■ Instructions for the task ■
Take the line that contains "El kanji 斬 encarna" and each line after it to the end of the data below, and set them down exactly, omitting pictures.
= = = = = = =
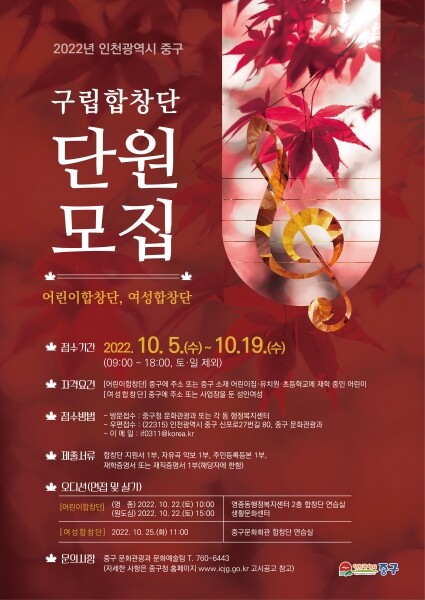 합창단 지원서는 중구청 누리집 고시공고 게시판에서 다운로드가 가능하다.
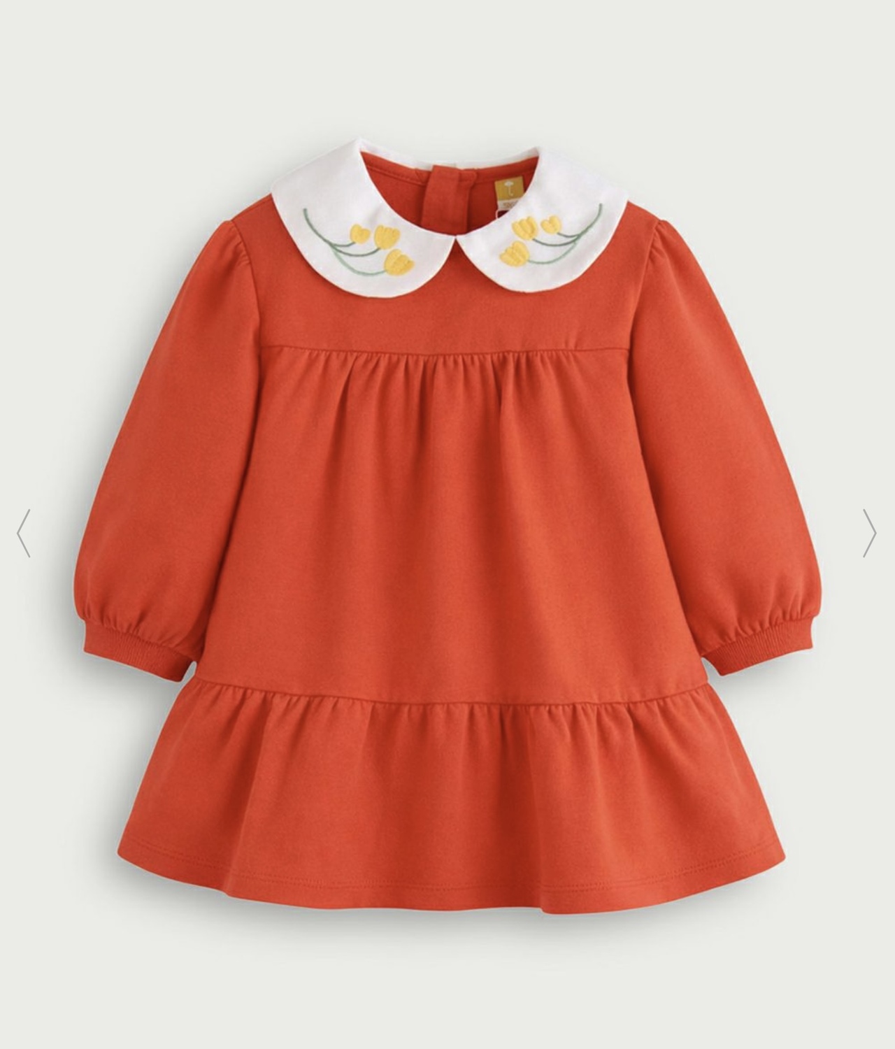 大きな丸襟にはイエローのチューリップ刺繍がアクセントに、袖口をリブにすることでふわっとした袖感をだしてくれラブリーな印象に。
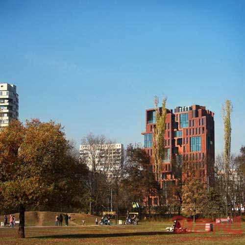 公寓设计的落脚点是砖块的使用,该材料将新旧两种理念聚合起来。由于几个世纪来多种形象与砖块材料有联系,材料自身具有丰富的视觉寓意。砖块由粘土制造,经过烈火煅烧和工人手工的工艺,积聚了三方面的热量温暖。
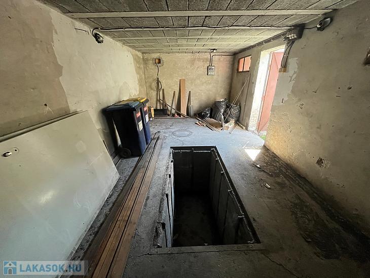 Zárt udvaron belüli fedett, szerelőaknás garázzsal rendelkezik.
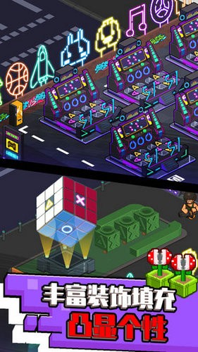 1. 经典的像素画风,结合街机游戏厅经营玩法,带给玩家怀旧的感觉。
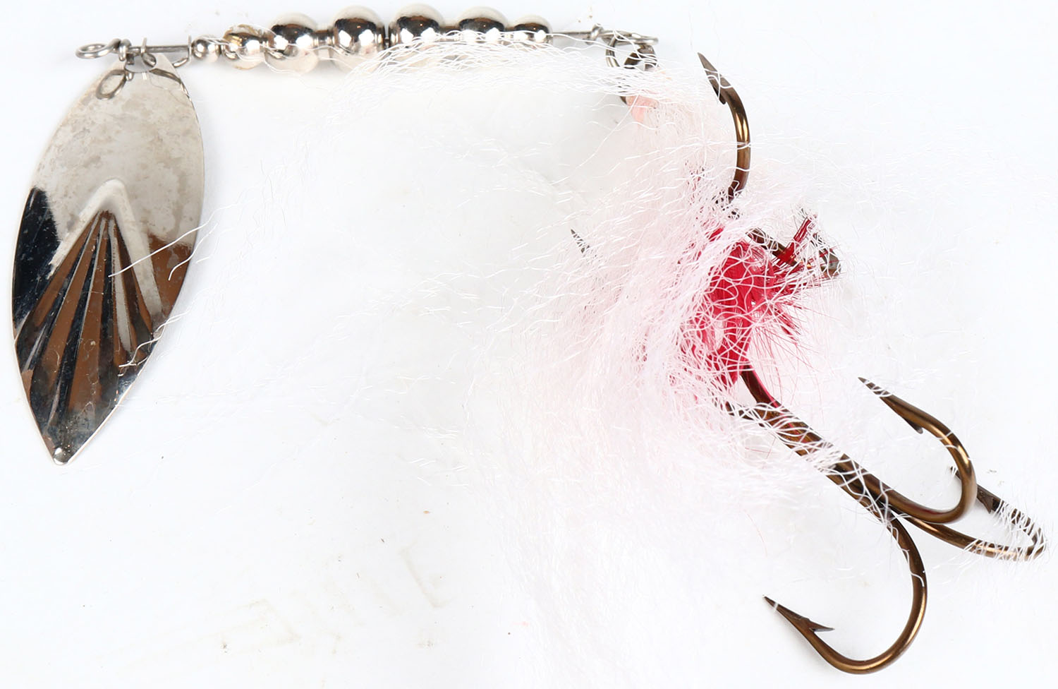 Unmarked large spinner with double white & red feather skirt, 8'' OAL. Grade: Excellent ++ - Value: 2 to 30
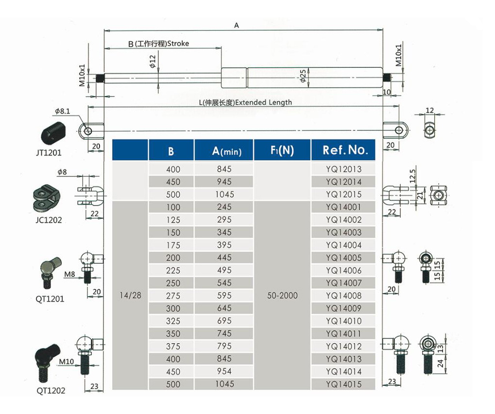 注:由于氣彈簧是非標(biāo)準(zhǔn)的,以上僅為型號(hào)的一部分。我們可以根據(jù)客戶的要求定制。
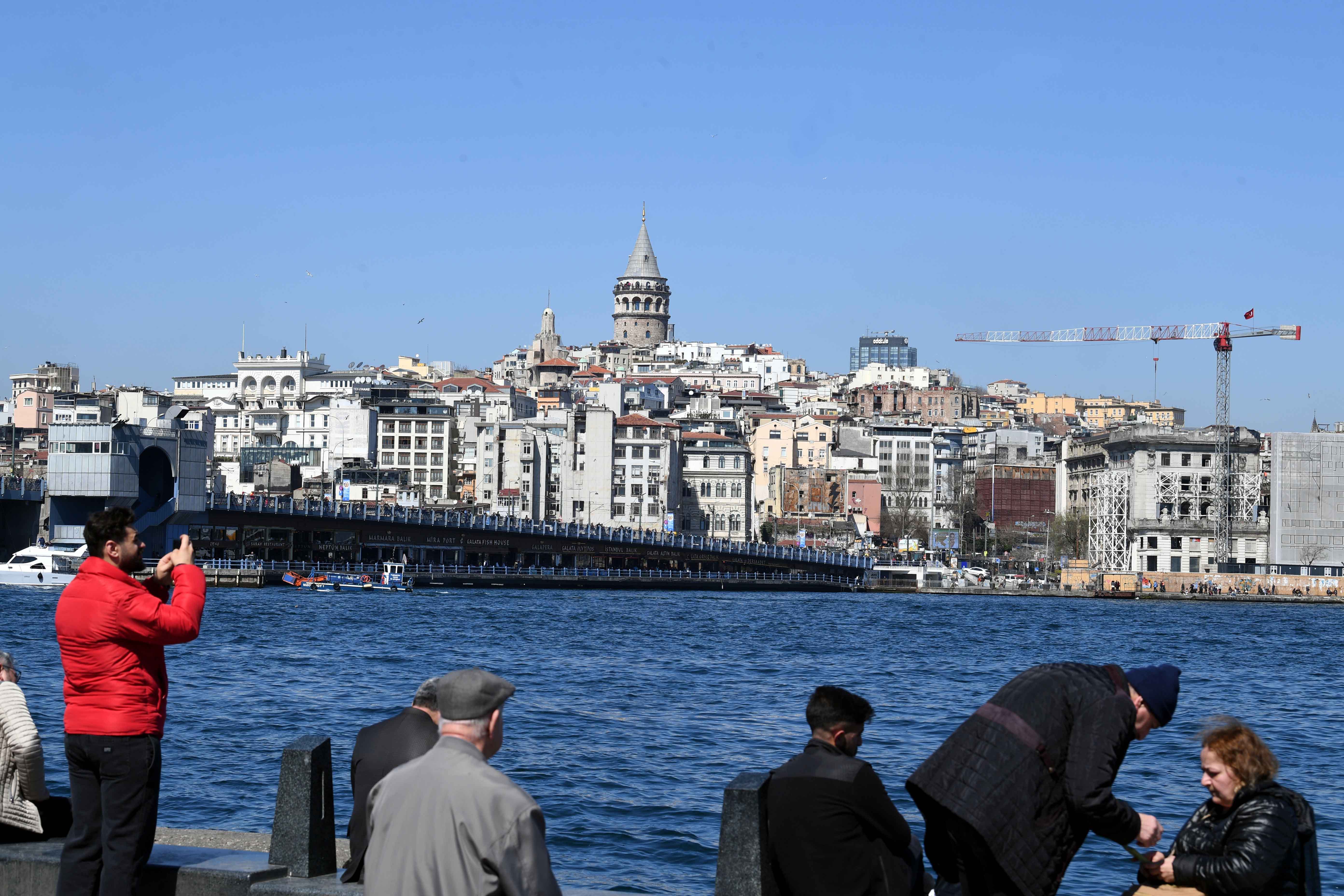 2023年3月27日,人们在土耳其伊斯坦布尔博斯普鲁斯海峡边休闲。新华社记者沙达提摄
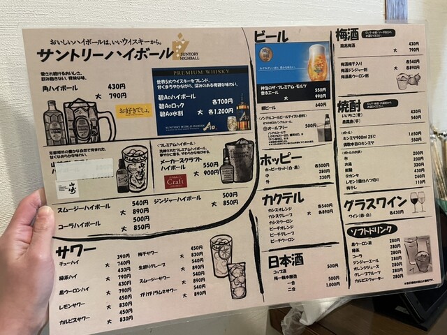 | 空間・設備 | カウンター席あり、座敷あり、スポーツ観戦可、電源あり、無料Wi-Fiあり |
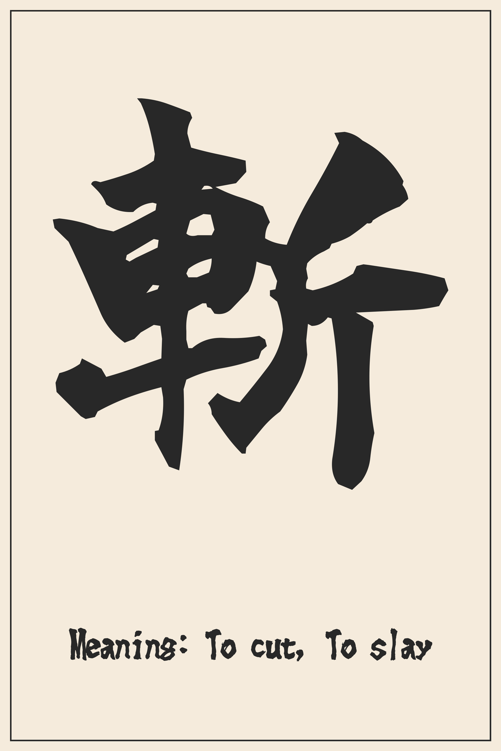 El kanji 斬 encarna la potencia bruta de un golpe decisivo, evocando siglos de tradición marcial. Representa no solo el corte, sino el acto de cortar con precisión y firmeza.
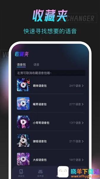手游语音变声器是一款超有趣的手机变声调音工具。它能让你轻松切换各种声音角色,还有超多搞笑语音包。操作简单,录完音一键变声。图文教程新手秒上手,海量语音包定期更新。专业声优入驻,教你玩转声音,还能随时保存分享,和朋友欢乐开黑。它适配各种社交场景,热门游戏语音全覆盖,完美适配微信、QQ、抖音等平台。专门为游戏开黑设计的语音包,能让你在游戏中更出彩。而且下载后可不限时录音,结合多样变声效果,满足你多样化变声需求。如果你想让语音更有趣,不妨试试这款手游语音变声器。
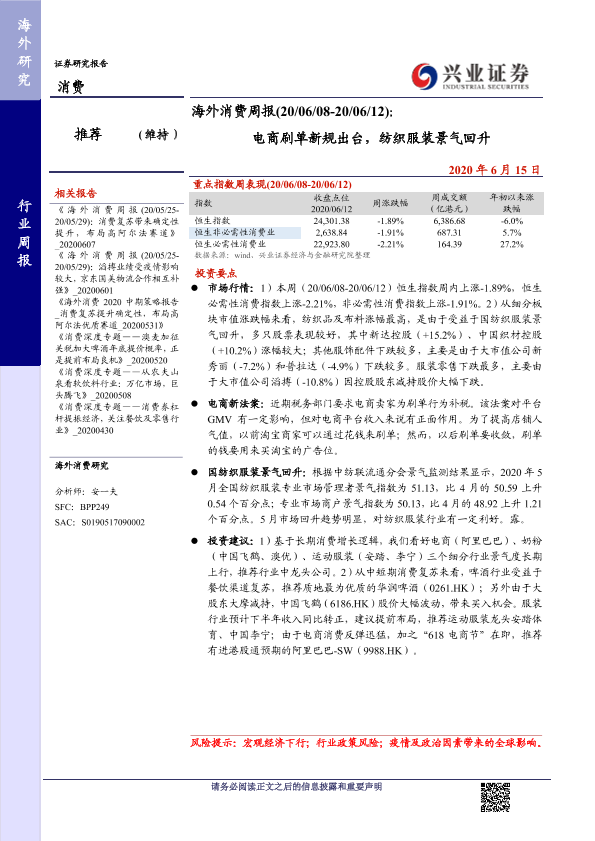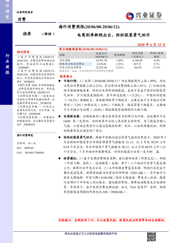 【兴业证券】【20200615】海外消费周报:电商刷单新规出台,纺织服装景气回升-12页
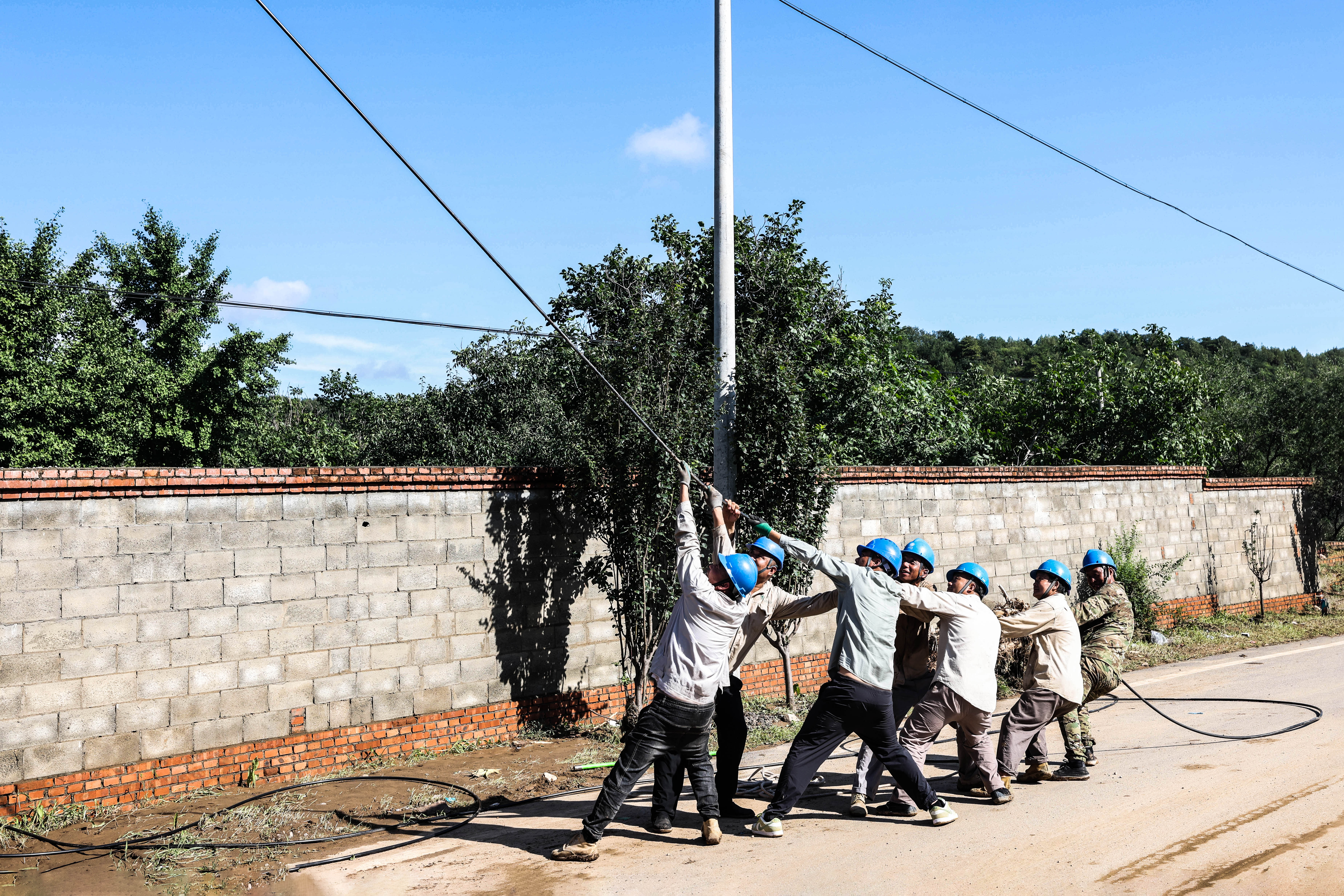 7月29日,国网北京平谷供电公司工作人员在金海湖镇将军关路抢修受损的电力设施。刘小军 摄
= = = = = = =
■ Task answer ■
 El kanji 斬 encarna la potencia bruta de un golpe decisivo, evocando siglos de tradición marcial. Representa no solo el corte, sino el acto de cortar con precisión y firmeza.
手游语音变声器是一款超有趣的手机变声调音工具。它能让你轻松切换各种声音角色,还有超多搞笑语音包。操作简单,录完音一键变声。图文教程新手秒上手,海量语音包定期更新。专业声优入驻,教你玩转声音,还能随时保存分享,和朋友欢乐开黑。它适配各种社交场景,热门游戏语音全覆盖,完美适配微信、QQ、抖音等平台。专门为游戏开黑设计的语音包,能让你在游戏中更出彩。而且下载后可不限时录音,结合多样变声效果,满足你多样化变声需求。如果你想让语音更有趣,不妨试试这款手游语音变声器。
 【兴业证券】【20200615】海外消费周报:电商刷单新规出台,纺织服装景气回升-12页
 7月29日,国网北京平谷供电公司工作人员在金海湖镇将军关路抢修受损的电力设施。刘小军 摄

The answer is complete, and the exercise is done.